Pony Express to hit stops in Utah on commemorative ride of historic route
Jun 23, 2024, 10:24 AM | Updated: 11:54 am
(Scott G. Winterton, Deseret News)
SALT LAKE CITY — Riders with the National Pony Express Association embarked on a “re-ride” of the historic and legendary route starting in St. Joseph, Missouri, and its riders are scheduled to hit eight different locations in Utah on Sunday.
History
The Pony Express was a route staked out and utilized for mail delivery between April 1860 and October 1861. The route spanned over 1,800 miles, eight states, and connected the East to the West after a giant exodus of pioneers took on the Oregon Trail, the pioneers of the Church of Jesus Christ of Latter-day Saints settled in Utah in 1847, and the 1849 Gold Rush.
According to the National Park Service, there was an ad listed in the Sacramento Union newspaper on March 19, 1860:
“Men Wanted”
The undersigned wishes to hire ten or a dozen men, familiar with the management of horses, as hostlers, or riders on the Overland Express Route via Salt Lake City. Wages $50 per month and found.

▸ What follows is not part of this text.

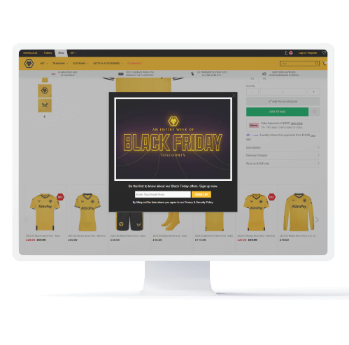 Wolves has set up several data capture popovers with Fresh Relevance, including sign up campaigns ahead of major product launches, such as the new kits for the upcoming season.

In the end, Congress authorized a bill that subsidized the construction of a transcontinental telegraph that would connect the Missouri River to the Pacific Coast. The Pony Express was officially terminated on Oct. 26, 1861, and the last letters were delivered the following November.
Stops in Utah
The re-ride will make the following stops in Utah on Sunday, June 23:
- 10:30 a.m. — This Is the Place Heritage Park, Salt Lake City
- 11:30 a.m. — Murray City Park, Murray
- 2 p.m. — 14400 S. Redwood Rd., Bluffdale
- 2:40 p.m. — Crossroads Blvd and Redwood Road, Lehi
- 3:40 p.m. — Pony Express Memorial Park, Eagle Mountain
- 4 p.m. — Camp Floyd State Park, Fairfield
- 5:30 p.m. — Pony Express Monument, Faust
- 8:30 p.m. — Simpson Springs Pony Express Station, Simpson Springs
The re-ride will be fully completed over the course of 10 days, which is the same amount of time historically riders were able to complete the route. Over 750 riders participate and mail approximately 1,000 letters each year. The letters are carried in a mochila and exchanged between riders completing different legs of the route.

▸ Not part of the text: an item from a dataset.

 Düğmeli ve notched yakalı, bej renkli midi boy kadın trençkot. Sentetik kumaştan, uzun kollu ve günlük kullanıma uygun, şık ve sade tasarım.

Utah’s first stop, This Is the Place Heritage Park, memorializes the arrival of the Church pioneers in the Salt Lake Valley. Church history states that Brigham Young stopped the travelers after experiencing a vision, and the valley would become home to generations afterward.
Inside the 450-acre park is the National Pony Express Monument which has a replica Pony Express station, the National Park Service said. It’s “a dramatic Avard Fairbanks sculpture of a relay rider changing horses, and several interpretive wayside exhibits.”
The re-ride can be followed online as riders make their way through Nevada to California where they’ll end the route in Sacramento.